For model selection with sklearn we furthermore provide an optional regressor interface.

Gallery

Diagonal covariances

Sample from confidence interval

Generate trajectories

Sample time-invariant trajectories

You can find all examples here.

Saving a Model

This library does not directly offer a function to store fitted models. Since the implementation is pure Python, it is possible, however, to use standard Python tools to store Python objects. For example, you can use pickle to temporarily store a GMM:

import numpy as np
import pickle
import gmr
gmm = gmr.GMM(n_components=2)
gmm.from_samples(X=np.random.randn(1000, 3))

# Save object gmm to file 'file'
pickle.dump(gmm, open("file", "wb"))
# Load object from file 'file'
gmm2 = pickle.load(open("file", "rb"))

It might be required to store models more permanently than in a pickle file, which might break with a change of the library or with the Python version. In this case you can choose a storage format that you like and store the attributes gmm.priors, gmm.means, and gmm.covariances. These can be used in the constructor of the GMM class to recreate the object and they can also be used in other libraries that provide a GMM implementation.
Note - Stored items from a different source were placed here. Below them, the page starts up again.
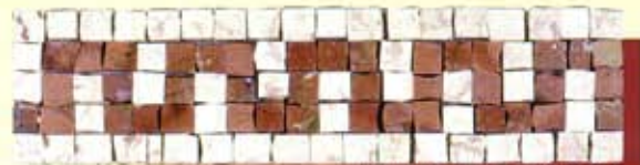
SPARTA - (Cm.7,5x30) B-5-A
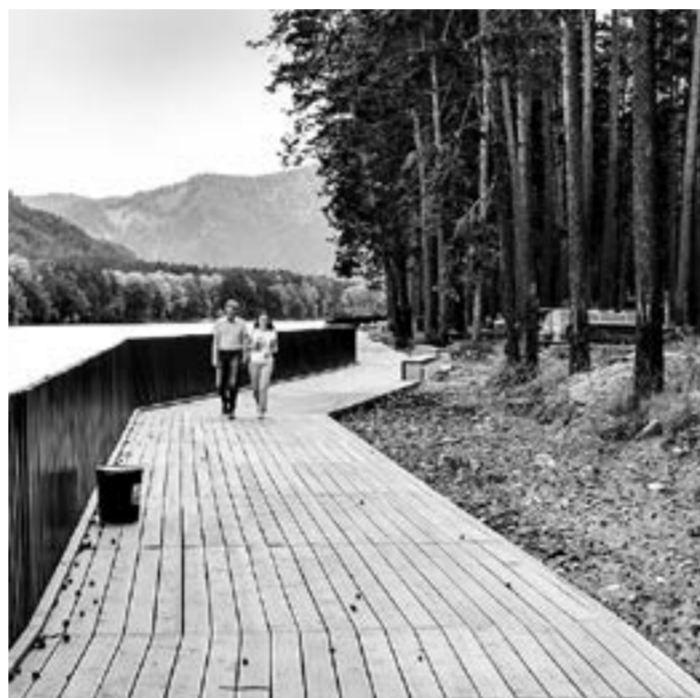
На «Бирюзовой Катунь» появилась набережная.

В настоящее время в разной степени реализации своих инвестпроектов находится с десяток резидентов, и к уже
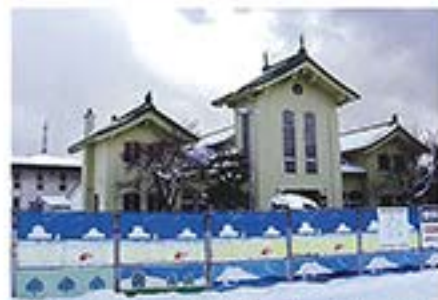
2月19日 今では懐かしい旧本堂の姿。
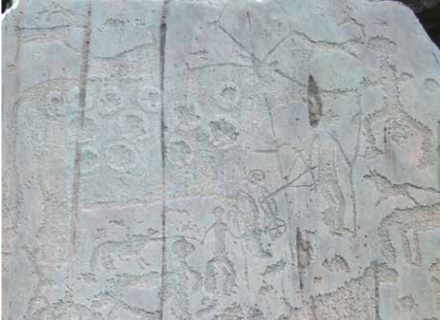
(Altay Özerk Cumhuriyeti sınırları içerisinde yer alan Kalbak Taş bölgesi) 3

Yukarıda görülen ve günümüzde Altay Özerk Cumhuriyeti sınırları içerisinde yer alan Kalbak Taş Bölgesi'ne ait resim, Türk kozmolojisi içerisinde avcılık ritüellerinin canlandırıldığı mit mücadelelerini betimlemektedir. Fotoğrafın sağ üst kısmında belirgin bir şekilde karşılaşmış olduğu hayvanı kalcan ile durdurmaya çalışan bir insan figürü göze çarpmaktadır.
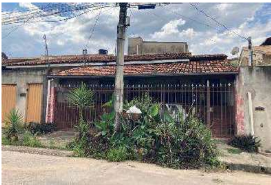
Vista da Fachada
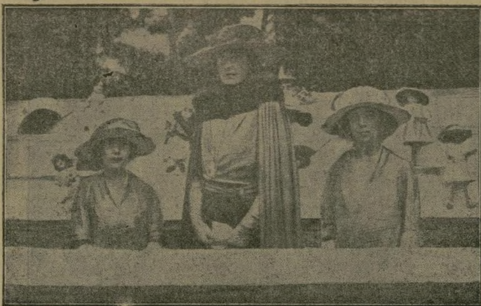
S. M. la Reina con sus augustas hijas viendo la Exposición de muñecas.
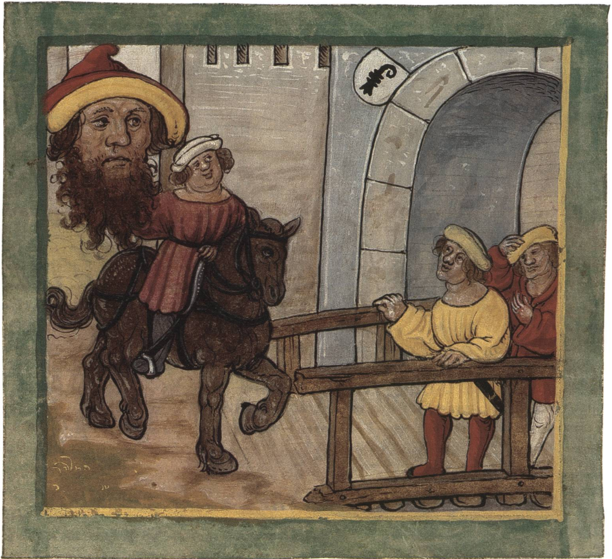
Abb. 1 Der Gesandte der Basler bringt die in Luzern geraubte Fritschimaske nach Basel (1507).

jährlich zum obengenannten Fasnachtstag [Schmutziger Donnerstag] auf der Gesellschaftstube zum Safran, zu der er eine besondere Beziehung gewonnen hatte, sehen, um an diesem Tag mit guten Gesellen sein Geld auszugeben. Daraus folgte, dass man anfangs, diesen Tag Fritschitag und auch die Gesellschaft nach ihm zu benennen. [...]. Und um das Gedächtnis dieser Gesellschaft zu wahren, wurde eine Stiftung gegründet und mit einem jährlichen Einkommen ausgestattet. Man verordnete, dass sich die Gesellschaft alljährlich an diesem Tag versammeln solle und aus ihrer Mitte einen auswähle, der begleitet von Spielleuten durch die ganze Stadt ziehen solle, um dabei jedem, der wolle – sei er reich oder arm, jung oder alt –, aus einem grossen, mit Wein gefüllten Kopf zu trinken zu geben. Der Kopf [Trinkgefäss] sollte immer wieder aufgefüllt werden, und die Gesellschaft musste die Kosten tragen.»)
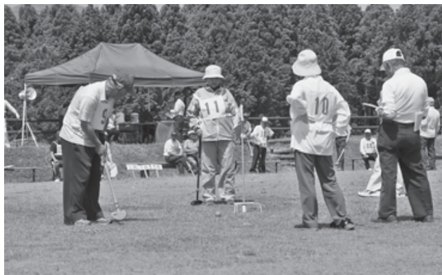
富岡町グラウンド・ゴルフ場(2007年6月撮影)
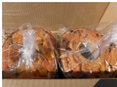
シフォンケーキの差し入れが
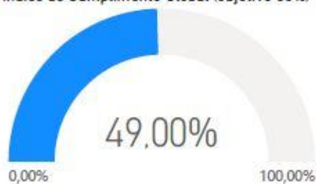
Índice de Cumplimiento Global (objetivo 80%)

El nivel de madurez alcanzado globalmente por la entidad corresponde al nivel L1
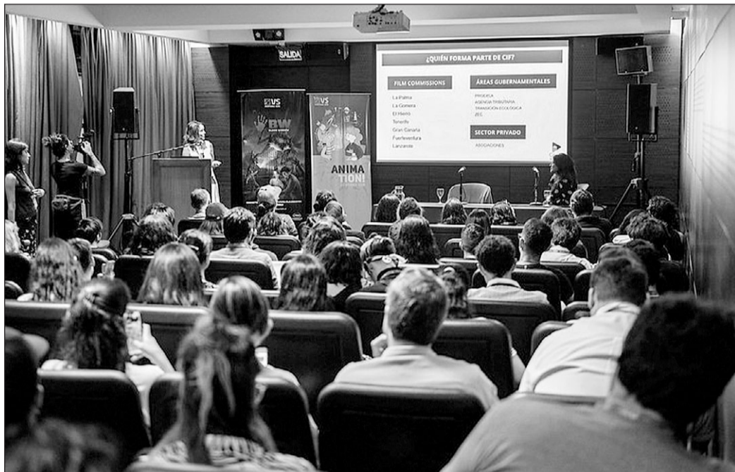
Presentación de Canary Islands Film en 'Ventana Sur', encuentro que se celebra en Argentina.

Durante el mismo se compartieron detalles de la convocatoria y del programa, con el objetivo de captar tanto guionistas como productoras inte-

The MVN class only needs the attributes mean and covariance to define the model.

API Documentation

API documentation is available here.

Citation

If you use the library gmr in a scientific publication, I would appreciate citation of the following paper:

Fabisch, A., (2021). gmr: Gaussian Mixture Regression. Journal of Open Source Software, 6(62), 3054, https://doi.org/10.21105/joss.03054

Bibtex entry:

@article{Fabisch2021,
doi = {10.21105/joss.03054},
url = {https://doi.org/10.21105/joss.03054},
year = {2021},
publisher = {The Open Journal},
volume = {6},
number = {62},
pages = {3054},
author = {Alexander Fabisch},
title = {gmr: Gaussian Mixture Regression},
journal = {Journal of Open Source Software}
}

Contributing

How can I contribute?

If you discover bugs, have feature requests, or want to improve the documentation, you can open an issue at the issue tracker of the project.
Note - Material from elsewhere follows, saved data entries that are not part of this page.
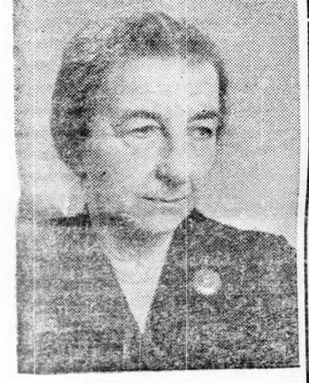
GOLDA MEIR — figyelmeztet
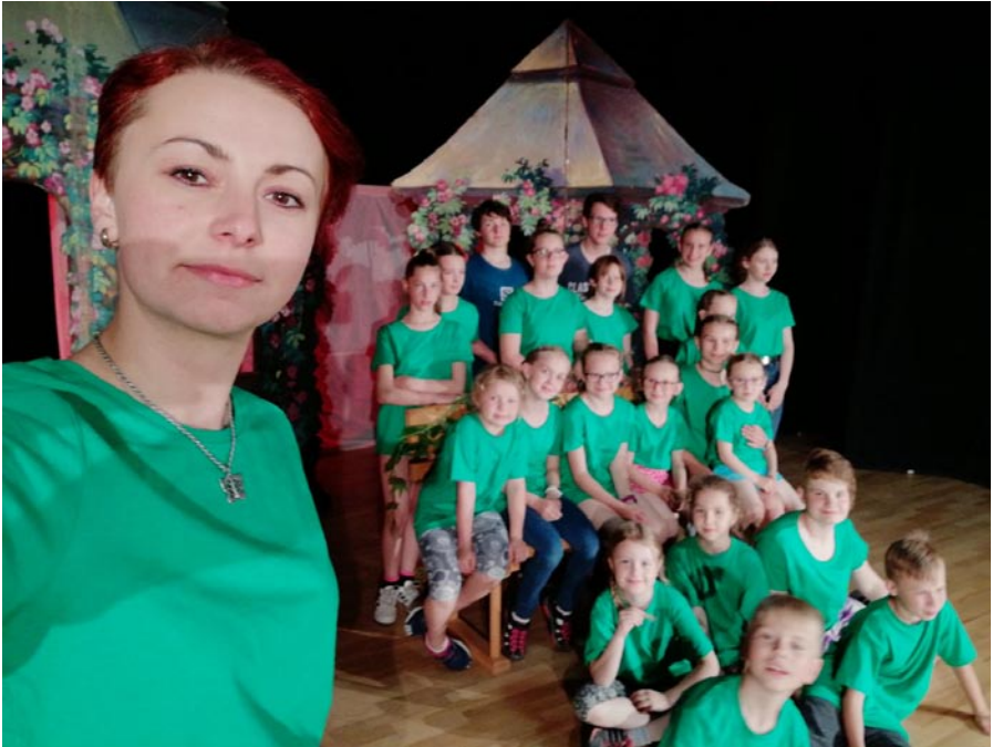
Počas Dňa detí
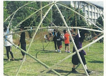
スター★ドームに願い事を書いた短冊を結びました
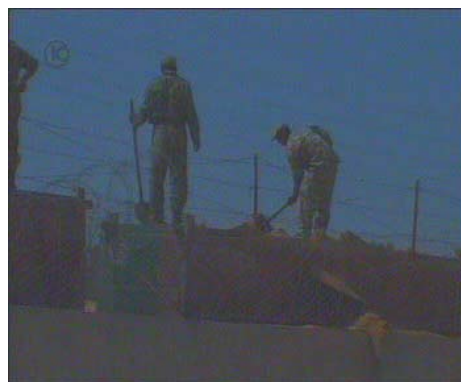
חיילים מצריים בונים מחדש את גדר הגבול באזור מעבר רפיח (באדיבות ערוץ 10, 19 במרץ)
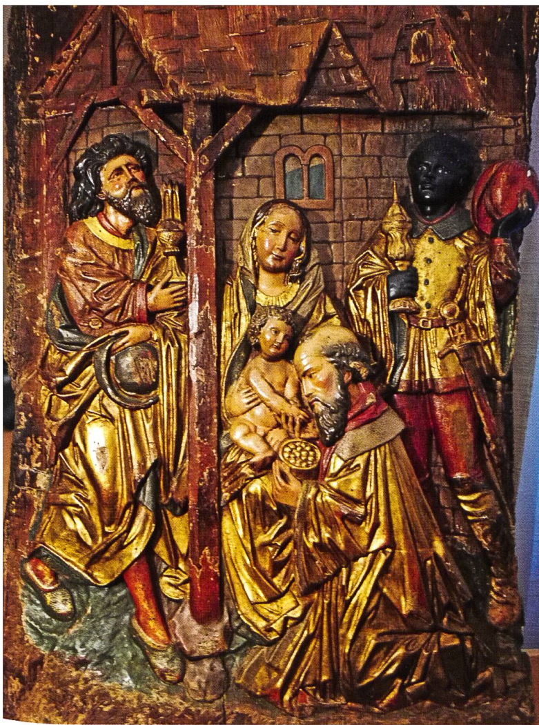
Aus einem Legat an das Kloster Mariastein: Maria mit Kind und die Heiligen Drei Könige (Relief, rheinländisch, um 1500).
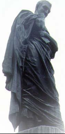
Abb. 1 Ovids Statue in Sulmona

Publius Ovidius Naso wurde am 20. März 43 v. Chr., dem Todesjahr Ciceros, als Sohn eines adeligen Ritters in Sulmo, dem heutigen Sulmona, geboren. Er ist der erste Poet, von dem wir eine Autobiographie besitzen.
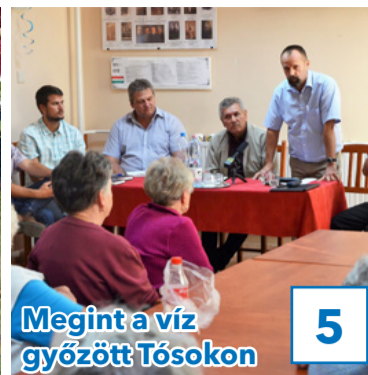
Megint a víz győzött Tószokon
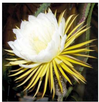
Virága kifejezetten nagy méretű

A rendszertanában azért szeretgázó csoport a külsején kívül
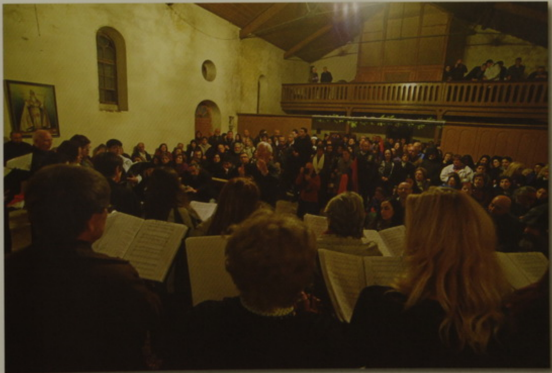
Եղեռնի զոհերուն նուիրում համերգ Ս. Գրիգոր եկեղեցոյ մէջ
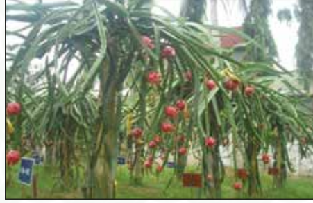
চিত্র-২: ড্রাগন ফল বাগানের চিত্র

নয়। এর ফলের আকৃতিও অদ্ভুত সুন্দর। ফলের গায়ে লম্বা আঁশ (বৃতি) থাকার কারণে একে ড্রাগন ফল নামকরণ করা হয়েছে। এই ফলের সবচেয়ে বড় সুবিধা হলো একবার গাছ রোপণ করে অন্তত ২০ বছর ফল পাওয়া যায় এবং হেক্টরপ্রতি ১৬০০ এর অধিক গাছ রোপণ করা যায়। সঠিক পরিচর্যা করলে ২য় বছর থেকেই ফল আসে। ফলের বাজার মূল্য উচ্চ হওয়ায় চাষাবাদ লাভজনক। এটি মূলত পাকা ফল ও শরবত হিসাবে খাওয়া হয়। অত্যন্ত আকর্ষণীয় রঙ এর কারণে এর শরবত জনপ্রিয়। এ থেকে জ্যাম, জেলি, জুস, আইসক্রিম ও ক্যান্ডি তৈরি করা যায়। লাল রঙের ড্রাগন ফল এন্টি-অক্সিডেন্ট সমৃদ্ধ। এছাড়াও এটি ভিটামিন এ, ভিটামিন সি, ভিটামিন ই, লাইকোপেন, ফসফরাস ও ক্যালসিয়াম সমৃদ্ধ। সম্ভাবনাময় এই ফলের চাষ কৃষক পর্যায়ে সম্প্রসারণের লক্ষ্যে বাংলাদেশ কৃষি গবেষণা ইনস্টিটিউটের

If you want to contribute code, please open a pull request via GitHub by forking the project, committing changes to your fork, and then opening a pull request from your forked branch to the main branch of gmr.

Development Environment

I would recommend to install gmr from source in editable mode with pip and install all dependencies:

pip install -e .[all,test,doc]

You can now run tests with

pytest

This will also generate a coverage report and output an HTML overview to the folder htmlcov/.

Generate Documentation

The API documentation is generated with pdoc3. If you want to regenerate it, you can run

pdoc gmr --html --skip-errors

Related Publications

The first publication that presents the GMR algorithm is

[1] Z. Ghahramani, M. I. Jordan, "Supervised learning from incomplete data via an EM approach," Advances in Neural Information Processing Systems 6, 1994, pp. 120-127, https://proceedings.neurips.cc/paper/1993/hash/f2201f5191c4e92cc5af043eebfd0946-Abstract.html

but it does not use the term Gaussian Mixture Regression, which to my knowledge occurs first in

[2] S. Calinon, F. Guenter and A. Billard, "On Learning, Representing, and Generalizing a Task in a Humanoid Robot," in IEEE Transactions on Systems, Man, and Cybernetics, Part B (Cybernetics), vol. 37, no. 2, 2007, pp. 286-298, doi: 10.1109/TSMCB.2006.886952.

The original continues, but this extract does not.